Я посмотрел, как Силантьев, легко прыгая с камня на камень, перешёл реку и вмешался в толпу, безрукий, издали заметный среди людей; мне стало скучно без него.
Шевеля пальцами, точно колдуя, старик всё держал пальцы над углями; переносье у него вспухло, под глазами вздулись желваки, он смотрел из-за них и беззвучно двигал двумя полосками тёмных губ, оттенённых белыми усами и бородой. Уродливое лицо его, очень древнее, в крови, плохо смытой из морщин, снова напоминало великих грешников, уходивших от мира в леса и пустыни.
– Видал я гордых, – заговорил он, встряхивая головою без шапки, чуть покрытой жидкими волосами. – Большой огонь – скоро и горит, а вот эти угольки золой, пеплом прикроются – до восхода солнца могут тлеть, уцелеть… Ты, паренёк, подумай над этим! Это есть не простые слова, а – учение…
Надвинулась, налегла мягкой тяжестью чёрная ночь, такая же, как вчера, – душистая и тёплая, ласковая, как мать. Ярко пылали огромные костры, их жар доходил до нас через золотую реку дымным теплом.
Старик сложил руки на груди, сунул ладони под мышки и уселся поудобней.
Я хотел положить на угли сучьев и стружек, – он строго сказал:
– Не надо!
– Отчего?
– Увидят они огонь – полезут сюда…
И отодвинул ногою наломанные мною сучья, повторив:
– Не надо!
Сквозь жидкий огонь в реке к нам, не спеша, перебрались двое плотников с ящиками за спиною, с топорами в руках.
– А те – ушли? – спросил старик.
– Все ушли, – ответил большой мужик без бороды, с обвисшими усами.
– Отыди ото зла – сотворишь благое.
– Нам бы тоже уйти…
– От неконченного дела – нельзя уходить. Посылал я в обед Олёшу, сказывал – не пускали бы людей, а они – на-ко вот! Ещё сожгут барак, напившись яду…
Я курил; усатый плотник потянул носом сладкий дым и сплюнул на угли. Другой, молодой и пухлый, точно пожилая баба-калачница, как сел, так и задремал тотчас же, опустив встрёпанную голову на грудь.
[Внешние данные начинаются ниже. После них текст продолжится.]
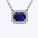 Diamond Cushion Halo and Oval Sapphire Necklace
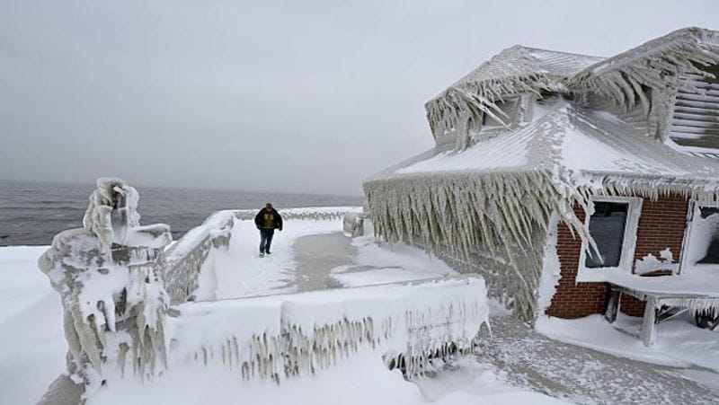 मौसम विशेषज्ञों ने इस बर्फीले तूफान को आर्क्टिक ब्लास्ट नाम दिया है। कई शहरों में तापमान शून्य से 17 डिग्री कम दर्ज किया गया है। इससे मची तबाही देख पूरी दुनिया हैरान है, झीलें, घर, सड़कें, पानी की लाइनें, पेड़-पौधे सबकुछ बर्फ में जम चुका है। (फोटो में : ठंड से जमा नियाग्रा जल प्रपात)
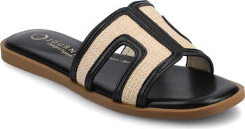A warm day spent by the water is incomplete without this charming slide sandal made modern by a squared toe.
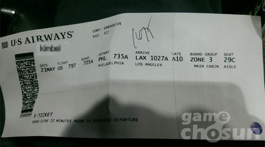 ▲ 길드 모임을 위해 마련한 필라델피아 ↔ LA행 비행기 티켓
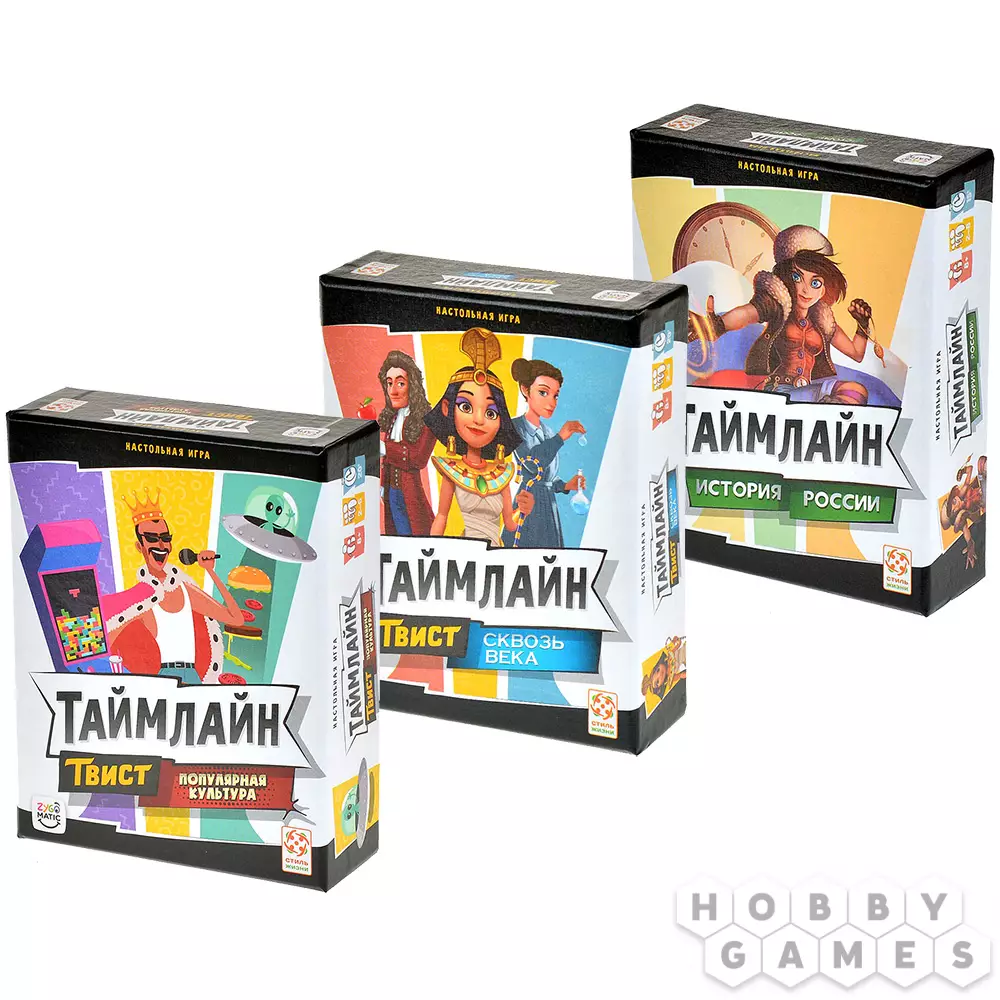 Когда история оживает, а даты превращаются в увлекательное приключение, начинается путешествие сквозь века с "Таймлайн"! В этом наборе вас ждут три захватывающих игры: "Таймлайн: История России", "Таймлайн Твист: Сквозь века" и "Таймлайн Твист: Популярная культура" – со скидкой 15%. Готовы ли вы проверить свою эрудицию и почувствовать себя настоящим знатоком истории?
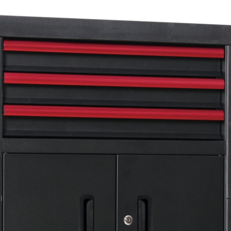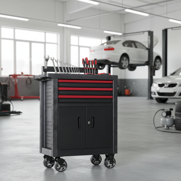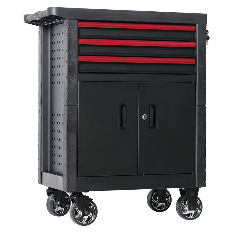 Chariot d'atelier professionnel avec porte latérale et rangement, 3 tiroirs, organisation optimisée, acier thermolaqué, solution personnalisée OBM/OEM pour atelier
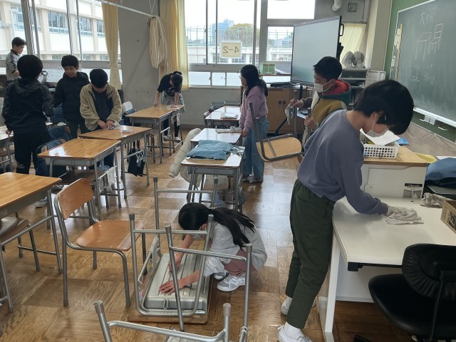 学年末を迎え、多くの学年、学級では、大掃除を行いました。写真は4年生の大掃除の様子です。1年間、自分たちが使用した教室などの、いつもは掃除をしないような所も、今日は念入りに掃除をしている姿が見られました。4月からは次の学年が使用します。しっかりと掃除をすることができました。
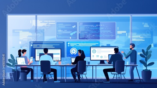 Wall mural a scene showcasing a team of software developers coding, collaborating, and testing applications in  - Wall murals Wall mural a scene showcasing a team of software developers coding, collaborating, and testing applications in - Wall murals
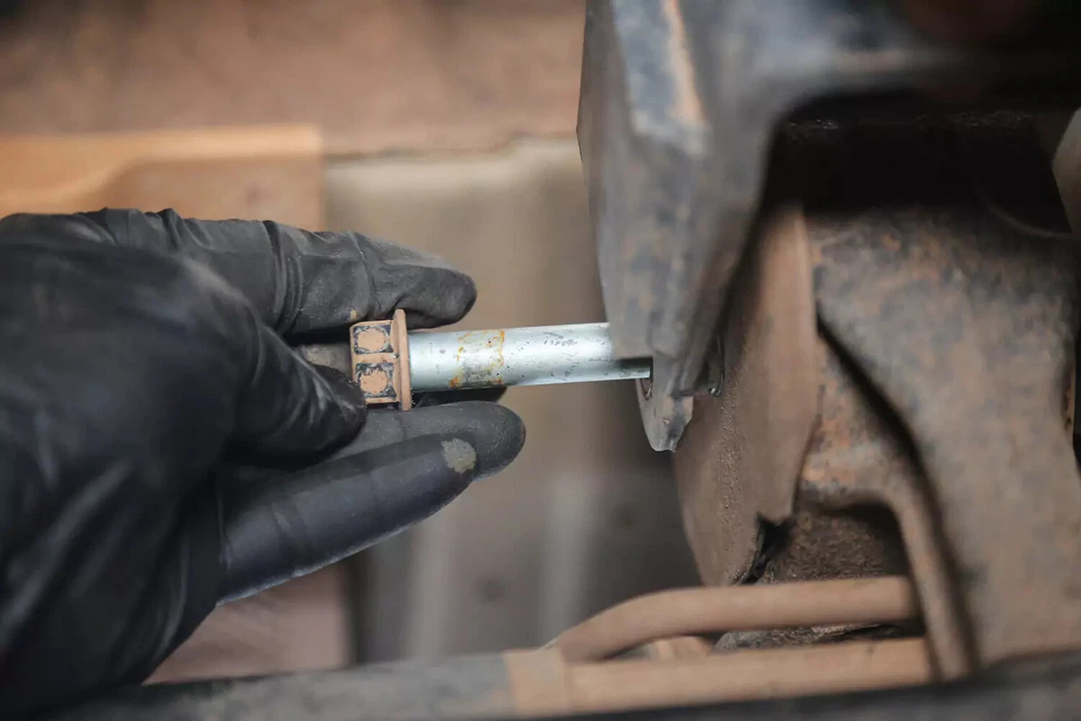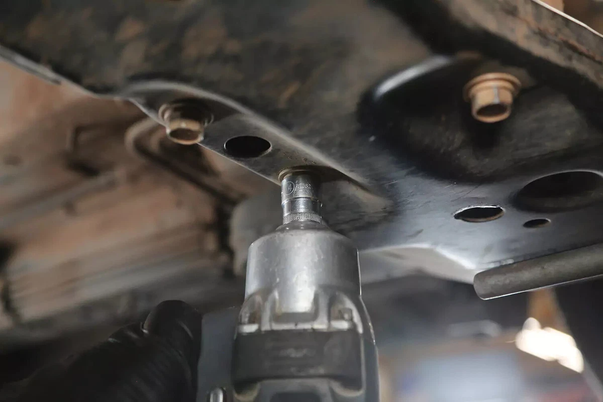 بالنسبة لسيارتنا التجريبية، يحتوي الحامل على ثلاثة مسامير على الإطار الفرعي ومسمار واحد على ناقل الحركة. تقوم أربعة مسامير أخرى بتوصيل دعامة تثبيت ناقل الحركة بناقل الحركة. في معظم المركبات، لا يلزم إزالتها.

Шум за рекою стал тише, а в центре его настойчиво возвышался пьяный, воющий голос солдата:
– Стой, отвечай мне! Как ты можешь Россию не уважать? А-а, Рязань – не Россия? А кто – Россия?
– Кабак, – тихонько сказал старичок, но сейчас же добавил громче и обращаясь ко мне:
– Это я про них кабак, мол… Чу, как надсаживаются, весёлые…
Теперь кричал парень в розовой рубахе:
– Взы, солдат, кусай его за горло, взы!
Был слышен суровый возглас Силантьева:
– Ты что – собак травишь?
– Нет, ты мне отвечай! – выл солдат.
Старичок спокойно заметил:
– Должна быть драка…
Я встал, пошёл на ту сторону и слышал, как он негромко сказал своим:
– Ну, вот, слава богу, и этот откатился…
Встречу мне с того берега чёрной кучей валились люди, ухая, гикая, кряхтя, точно они поднимали и волокли большую тяжесть; бабий тонкий голос визжал:
– Я – вша-а?
– Бро-осьте!
– Бей его!
– Бросьте-е!
Из толпы вырвался Силантьев, выпрямился, страшно и широко взмахнув правой рукою, снова прыгнул на людей; парень в розовой рубахе тоже замахнулся огромным кулаком, и тотчас раздался мягкий, хряский удар, – Силантьев отпрянул назад и беззвучно осел в воду, под ноги мне.
– Так, – внушительно сказал кто-то.
На секунду шум оборвался, и в уши сладко влилось пение воды, потом кто-то бросил в реку большой камень, кто-то тупо захохотал.
На меня лезли люди; я наклонился к Силантьеву, пытаясь поднять его, он лежал наполовину в воде, грудью и головой на камнях.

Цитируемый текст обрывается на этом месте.